- **Assigned task**
Give the entries again exactly, without pictures.

Top of Data records

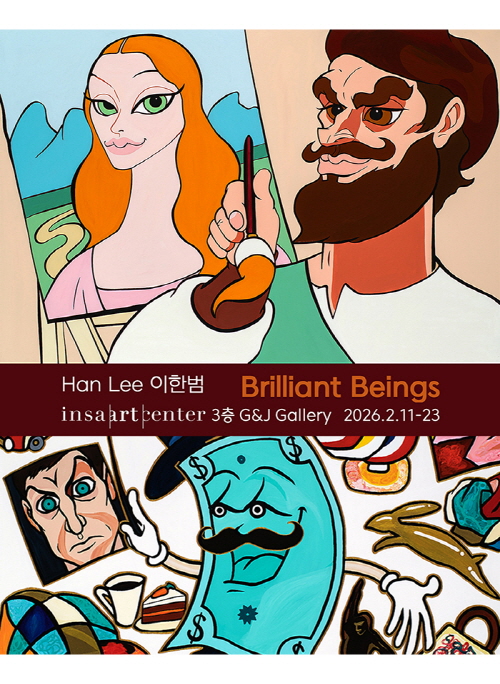 이한범 개인전 《Brilliant Beings》는 인간과 동물, 상상적 존재들이 뒤섞인 형상들을 통해 오늘날의 감정과 태도, 복잡한 기억과 정서를 응축해 보여주는 회화 전시이다. 작가는 선명한 색채와 단순화된 형태, 만화적이면서도 상징적인 이미지를 통해 감정의 층위를 직관적으로 드러낸다. 화면 속 존재들은 유머와 긴장, 순수함과 아이러니를 동시에 품은 채 관람자와 정면으로 마주하며, 특정한 서사를 설명하기보다 관람자 각자의 감정과 의식이 머물 수 있는 하나의 장면으로 기능한다.
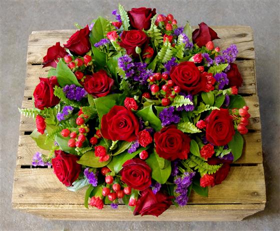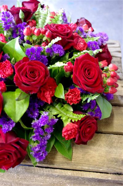 An all round posy arrangement of deep red roses, spray carnations and hypericum berries mixed with vibrant purple statice and lisianthus.
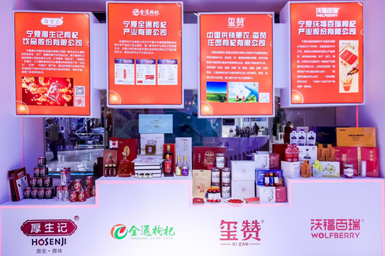 宁夏展台准备了枸杞干果、枸杞原浆、枸杞酒等产品供现场观众品尝,沃福百瑞、玺赞、厚生记、全通四家的枸杞更是成为展会现场的热门产品。
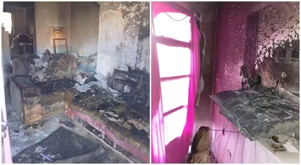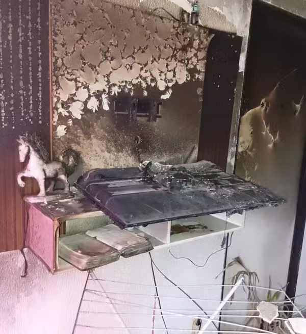 Após o fogo ser extinto por equipes do Corpo de Bombeiros, a família encontrou o apartamento completamente destruído, com paredes e teto carbonizados e móveis e eletrodomésticos consumidos pelas chamas.
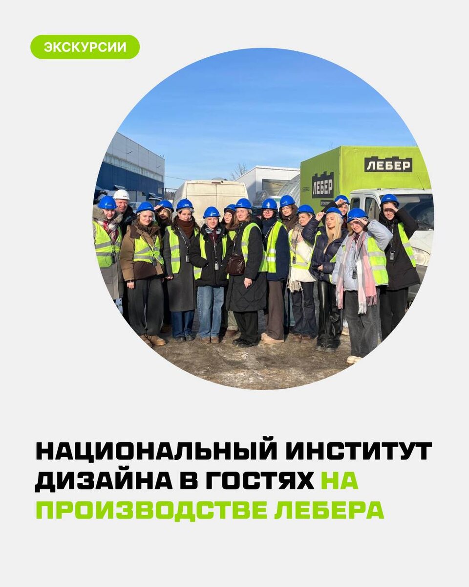 Визит получился практическим: у группы в работе семестровый проект по детским площадкам, так что вопросов к нашим инженерам было много. С представителями Национального института дизайна мы познакомились на Международном конкурсе студенческих работ АРХИ СТАРТ 2025, где команда Лебера выступала в роли экспертов. Рады были поделиться опытом и показать работу инновационного центра «Лебер» изнутри. Будем ждать студентов снова, на этот раз — уже в роли коллег. Хотите попасть к нам на производство? Оставьте заявку на экскурсию.
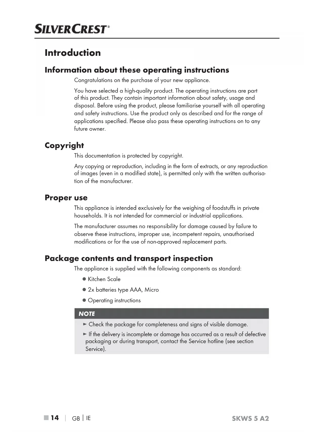 SKWS 5 A2 Introduction Information about these operating instructions Congratulations on the purchase of your new appliance. You have selected a high-quality product. The operating instructions are part of this product. They contain important information about safety, usage and disposal. Before using the product, please familiarise yourself with all operating and safety instructions. Use the product only as described and for the range of applications specified. Please also pass these operating instructions on to any future owner. Copyright This documentation is protected by copyright. Any copying or reproduction, including in the form of extracts, or any reproduction of images (even in a modified state), is permitted only with the written authorisa- tion of the manufacturer. Proper use This appliance is intended exclusively for the weighing of foodstuffs in private households. It is not intended for commercial or industrial applications. The manufacturer assumes no responsibility for damage caused by failure to observe these instructions, improper use, incompetent repairs, unauthorised modifications or for the use of non-approved replacement parts. Package contents and transport inspection The appliance is supplied with the following components as standard: ● Kitchen Scale ● 2x batteries type AAA, Micro ● Operating instructions NOTE ► Check the package for completeness and signs of visible damage. ► If the delivery is incomplete or damage has occurred as a result of defective packaging or during transport, contact the Service hotline (see section Service).GB
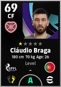 . Cláudio Braga is a Center Forward footballer from Portugal who plays for Heart Of Midlothian Fc in eFootball 2026.
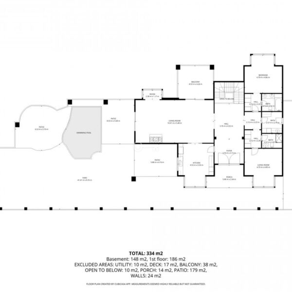 One of them leads to the garden and a lovely pool area. To the right from the hallway, you have two good sized bedrooms and a laundry area.
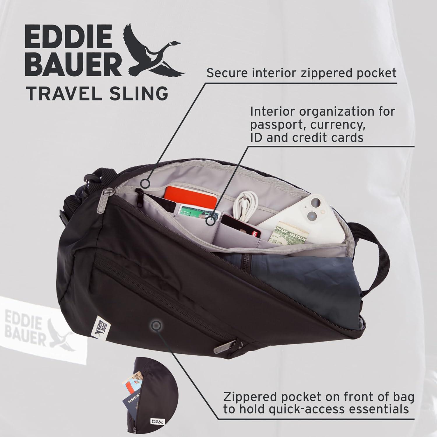Eddie Bauer Travel Sling Bag | RFID-Blocking | Security | Lightweight | Crossbody | Vacation | Everyday Carry | Backpack(Black)
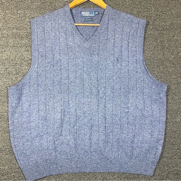 Polo Ralph Lauren Blue Lmbs Wool V-Neck Sweater Vest, Men’s XXL

Bottom of Data records

- **Finished task**
 이한범 개인전 《Brilliant Beings》는 인간과 동물, 상상적 존재들이 뒤섞인 형상들을 통해 오늘날의 감정과 태도, 복잡한 기억과 정서를 응축해 보여주는 회화 전시이다. 작가는 선명한 색채와 단순화된 형태, 만화적이면서도 상징적인 이미지를 통해 감정의 층위를 직관적으로 드러낸다. 화면 속 존재들은 유머와 긴장, 순수함과 아이러니를 동시에 품은 채 관람자와 정면으로 마주하며, 특정한 서사를 설명하기보다 관람자 각자의 감정과 의식이 머물 수 있는 하나의 장면으로 기능한다.
 An all round posy arrangement of deep red roses, spray carnations and hypericum berries mixed with vibrant purple statice and lisianthus.
 宁夏展台准备了枸杞干果、枸杞原浆、枸杞酒等产品供现场观众品尝,沃福百瑞、玺赞、厚生记、全通四家的枸杞更是成为展会现场的热门产品。
 Após o fogo ser extinto por equipes do Corpo de Bombeiros, a família encontrou o apartamento completamente destruído, com paredes e teto carbonizados e móveis e eletrodomésticos consumidos pelas chamas.
 Визит получился практическим: у группы в работе семестровый проект по детским площадкам, так что вопросов к нашим инженерам было много. С представителями Национального института дизайна мы познакомились на Международном конкурсе студенческих работ АРХИ СТАРТ 2025, где команда Лебера выступала в роли экспертов. Рады были поделиться опытом и показать работу инновационного центра «Лебер» изнутри. Будем ждать студентов снова, на этот раз — уже в роли коллег. Хотите попасть к нам на производство? Оставьте заявку на экскурсию.
 SKWS 5 A2 Introduction Information about these operating instructions Congratulations on the purchase of your new appliance. You have selected a high-quality product. The operating instructions are part of this product. They contain important information about safety, usage and disposal. Before using the product, please familiarise yourself with all operating and safety instructions. Use the product only as described and for the range of applications specified. Please also pass these operating instructions on to any future owner. Copyright This documentation is protected by copyright. Any copying or reproduction, including in the form of extracts, or any reproduction of images (even in a modified state), is permitted only with the written authorisa- tion of the manufacturer. Proper use This appliance is intended exclusively for the weighing of foodstuffs in private households. It is not intended for commercial or industrial applications. The manufacturer assumes no responsibility for damage caused by failure to observe these instructions, improper use, incompetent repairs, unauthorised modifications or for the use of non-approved replacement parts. Package contents and transport inspection The appliance is supplied with the following components as standard: ● Kitchen Scale ● 2x batteries type AAA, Micro ● Operating instructions NOTE ► Check the package for completeness and signs of visible damage. ► If the delivery is incomplete or damage has occurred as a result of defective packaging or during transport, contact the Service hotline (see section Service).GB
 . Cláudio Braga is a Center Forward footballer from Portugal who plays for Heart Of Midlothian Fc in eFootball 2026.
 One of them leads to the garden and a lovely pool area. To the right from the hallway, you have two good sized bedrooms and a laundry area.
Eddie Bauer Travel Sling Bag | RFID-Blocking | Security | Lightweight | Crossbody | Vacation | Everyday Carry | Backpack(Black)
 Polo Ralph Lauren Blue Lmbs Wool V-Neck Sweater Vest, Men’s XXL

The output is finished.